Like many talented filmmakers there is a general sense that Russ Meyer was great at what he did without much real sense at what those skills were. Meyer often gets called “Eisentenian” in his style, but what does this adjective really mean? This is what makes film such an enjoyable art form, just how persuasive it is – each frame is composed of so many elements that parsing every single decision that goes into making an effect work in a scene can be difficult for even the most hard-working critic. As such, the word “style” gets overused in film criticism, as a placeholder for whatever a film is doing that works. Like a man under hypnosis we get the general sense of purpose but the specifics get blurry.

Film is also expensive enough an art form, and dependent enough on technology, that it is also useful to consider how a filmmaker managed to arrive at those decisions and whether they were under his control at all. How decisions were affected by constraints, as much as the freedom of imagination to put up anything on-screen, is part of appreciating what goes into a filmmaker’s style.

With Russ Meyer, it is possible to simplify the conversation by concentrating solely on his editing skills, since this is such an important part of what makes his films his. Although he had plenty of other talents too, it was his editing that earned him the lofty “Eisensteinian” adjective above. But, like the cliché line about every smut film ever made, writing was not one of his strengths. This was due more to a lack of interest than a lack of effort, Meyer was the kind of filmmaker who preferred to pick up a camera and go than spend months in careful pre-production trying to refine a story. And in any case, he was enough of a realist to know that nobody paid for his films for the dialogue, to recycle another hoary line about the softcore and beyond.

Meyer spent most of his life making low budget films were he controlled almost every decision directly – and were there were major limits to what he could do. Actors were never well paid and never that good, and in any case he was rarely casting for acting talent first and foremost. Films had to be short and quickly made, and re-shoots were hard to come by, a tough limitation for a perfectionist like Meyer. Editing was the way he could hide a lot of these limitations and try to squeeze style out of dried out situations, and so came a prominent part of his directing style.

According to Jimmy McDonough in his biography Big Bosom and Square Jaws, Meyer was often editing on site, taking a van with him with a suit on site to see what he had. This was likely why Meyer’s films, for all their other faults, always have a great sense of rhythm – his editing was reactive, and often informing the film as it went along.
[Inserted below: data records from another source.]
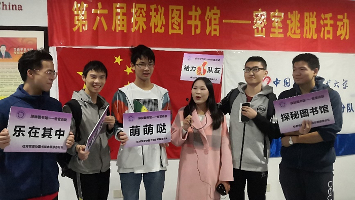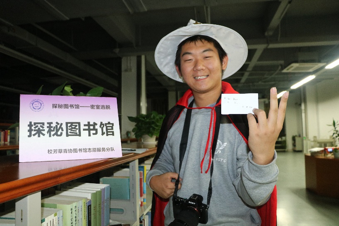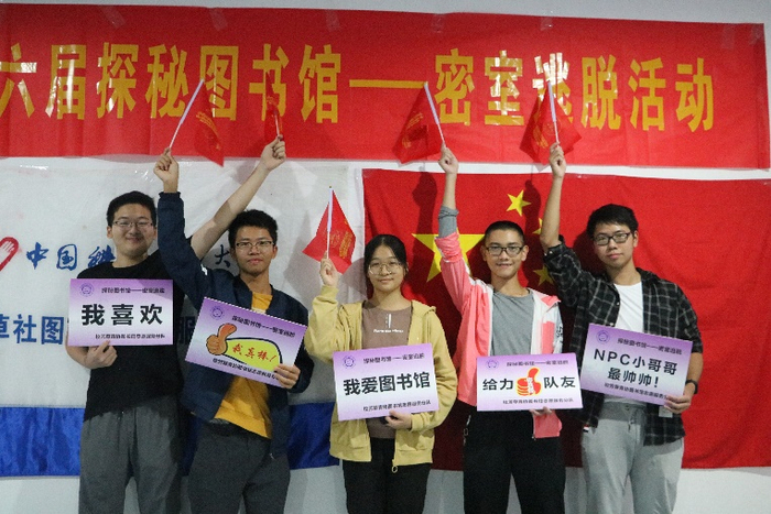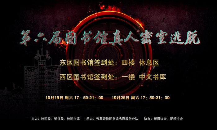 为加强同学们对图书馆藏书分布和索书号编码规律的了解,丰富同学们的课余生活,展现图书馆丰富多彩的一面,在校团委、管指委、图书馆的大力支持下,由图书馆学生主管丁菁梅老师组织,图书馆志愿服务分队李佳桐、叶子恺、骆成章、程凯歌共同策划,联合校学生摄影协会和爱乐乐团于10月19日和26日晚分别在东区图书馆的三、四层阅览书库和西区馆中文书库举办第六届探秘图书馆真人密室逃脱活动。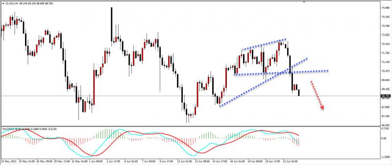 原油在前期4小时压力位承压后下跌,随后突破4小时趋势线支撑位并且突破后回踩了一下上升趋势线形成的压力位,今天原油关注能否回调一下。千万不要直接追空。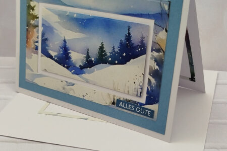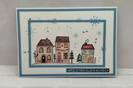 Bei meiner Winterhäuschen Karte habe ich die Rahmen / Rechtecke Stanze genutzt um den Häuschen einen Rahmen zu geben. Die Winterhäuschen habe ich mit Aquarellfarbe bepinselt. Einen Stempelspruch auf die Karte und fertig. Die Stempelsprüche mache ich mir immer auf Vorrat in verschiedenen Farben. Folgendes …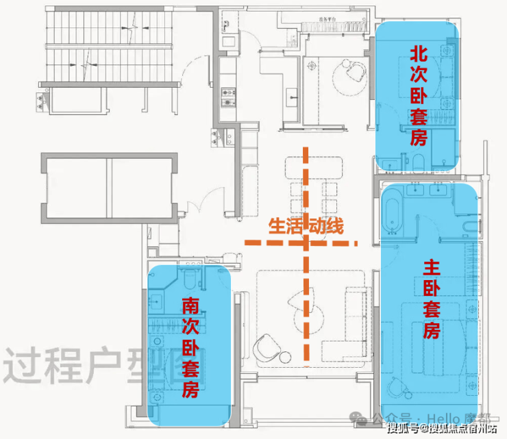 南向双套房+北向类套房设计,使三个房间分散于房子的三个方位,内部私密性十足。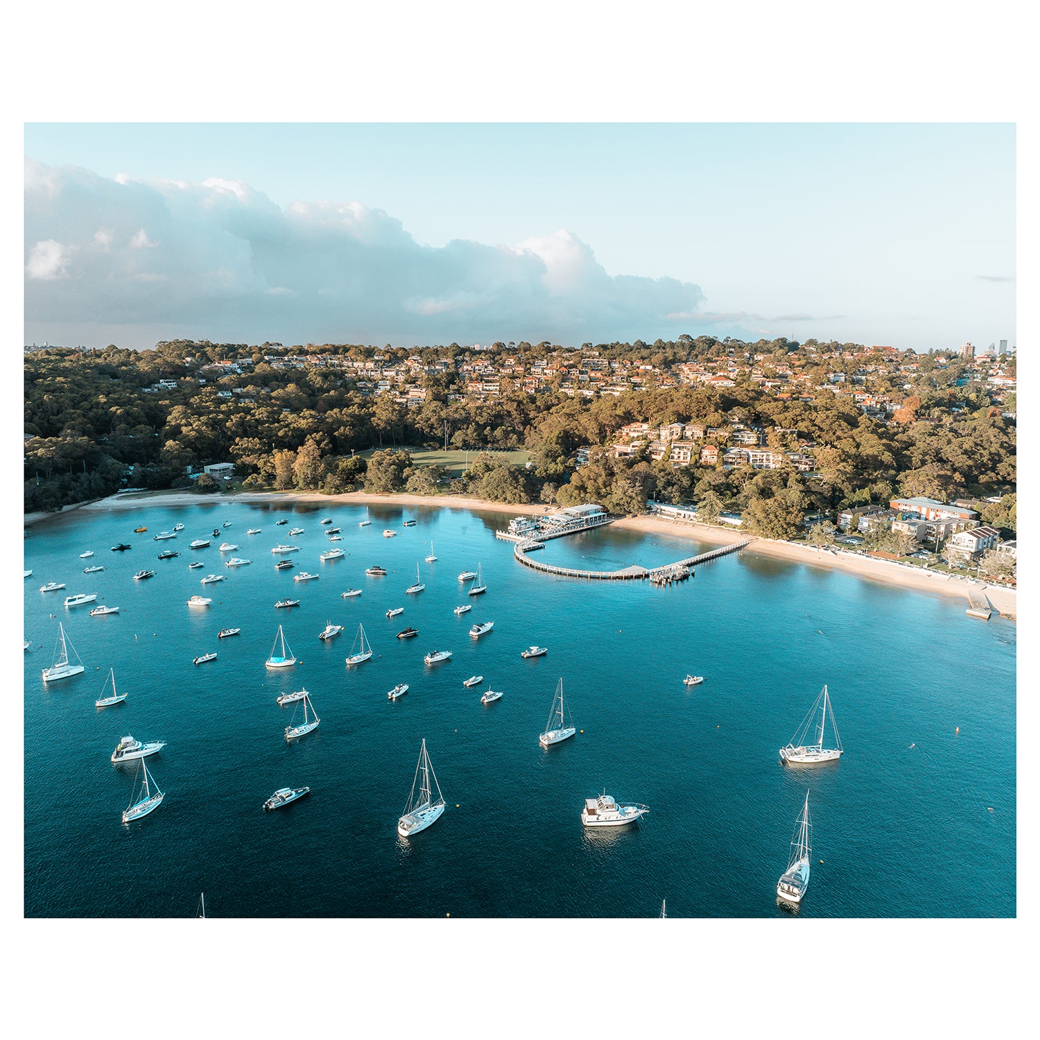 This serene dawn photograph shows Balmoral Beach's famous baths area, where the still waters create perfect mirror reflections of the surrounding bushland. The historic rotunda sits quietly in the background, waiting for another day of picnics and celebrations in this North Shore treasure.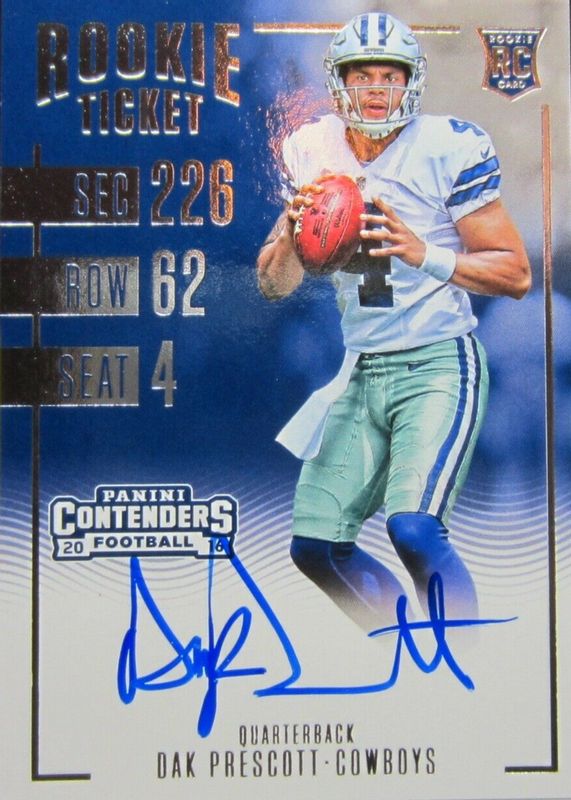 The top trending card in 2016 Contenders is currently Dak Prescott 2016 Contenders #307 Rookie Ticket Auto.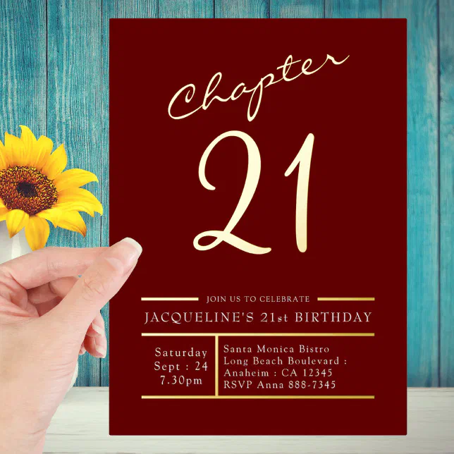 Twenty One Red Gold 21st Birthday Party Gold Foil Invitation | Zazzle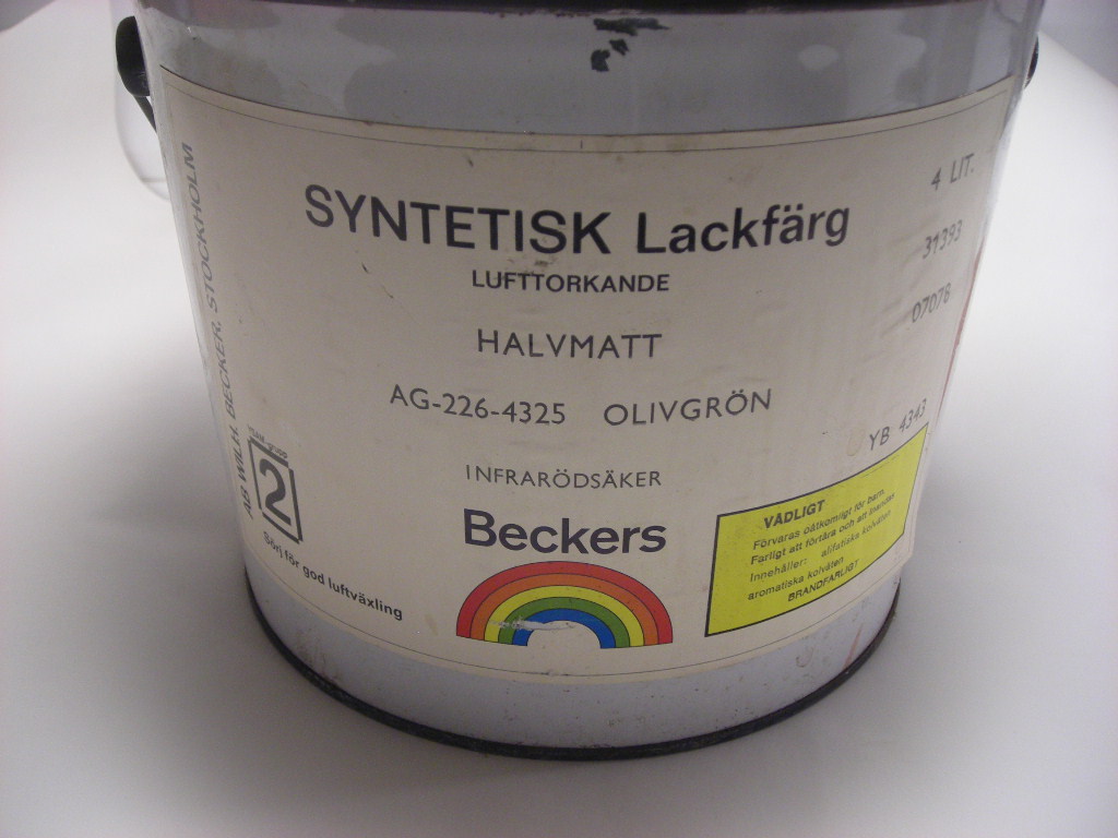 Militärgrön infrarödsäker Default/yikes  syntetfärg från gammalt färglager 4L + en några liter från en öppnad burk. 300.-
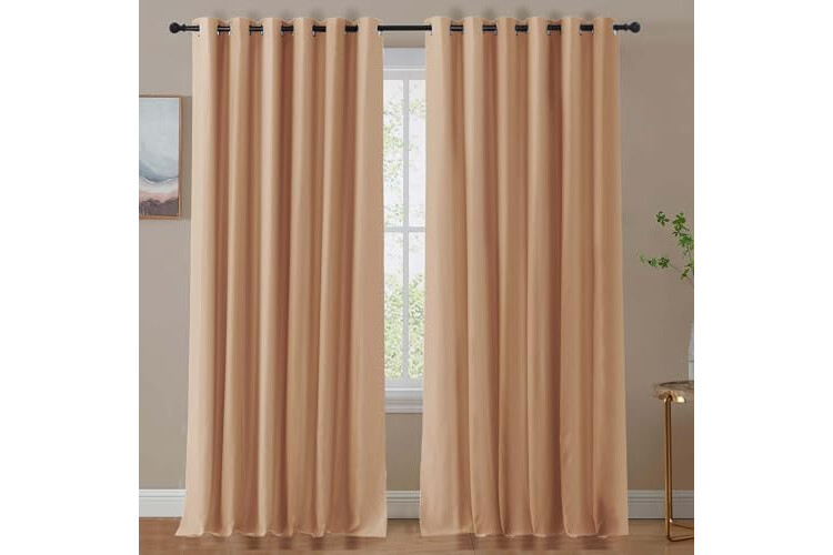 Aspire Homeware Blackout Curtains for Bedroom - Beige Eyelet Curtains & Drapes Thermal Insulated Window Treatments 90x72 inch Ring Top Living Room Curtain with Tiebacks, 2 Panels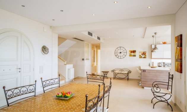 Wybrukowany podjazd prowadzi nas na parter i główne wejście, które wita nas w przestronnym i jasnym salonie/kuchni/jadalni na otwartym planie z kominkiem zamontowanym na suficie i jedną sypialnią z łazienką z prysznicem. Duże francuskie drzwi prowadzą nas na zadaszony balkon, który jest idealnym miejscem na chwile relaksu z rodziną i przyjaciółmi, z widokiem na krystalicznie czystą wodę. Ogromnym atutem nieruchomości jest jedyna w swoim rodzaju automatyczna pergola bioklimatyczna z czujnikami deszczu, którą można otwierać lub zamykać zgodnie z życzeniem właściciela.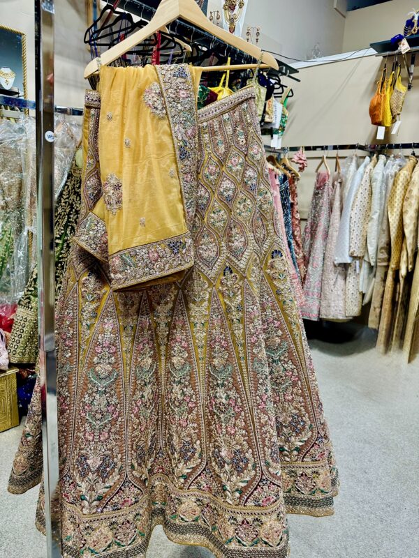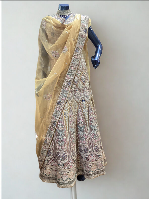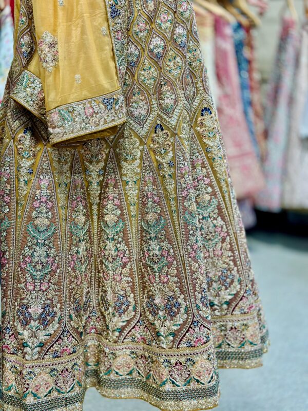 The lehenga features densely detailed thread, zari, and bead work in floral and vine motifs, showcasing pastel shades of pink, mint green, turquoise, and ivory that beautifully contrast the golden fabric.

In the case of his first feature and hit, the film was almost entirely made in editing. Saddled with even fewer resources than he’d had before, and friends as actors, the director had to keep the film short and snappy to distract attention always. To screen means both to show and to cover, and very early Meyer showed he was in good control of both. From The Immoral Mr. Teas (1959) comes one of the main staples of the Meyer style, the plentiful use of cutaways. Meyer had started his career in industrial films, the corporate videos of those days, and had learnt how a few still shots, some music and a well placed voice over was enough to create a piece that worked. Mr Teas was the sex film as an industrial film, which is appropriate, since there’s never been a larger industry.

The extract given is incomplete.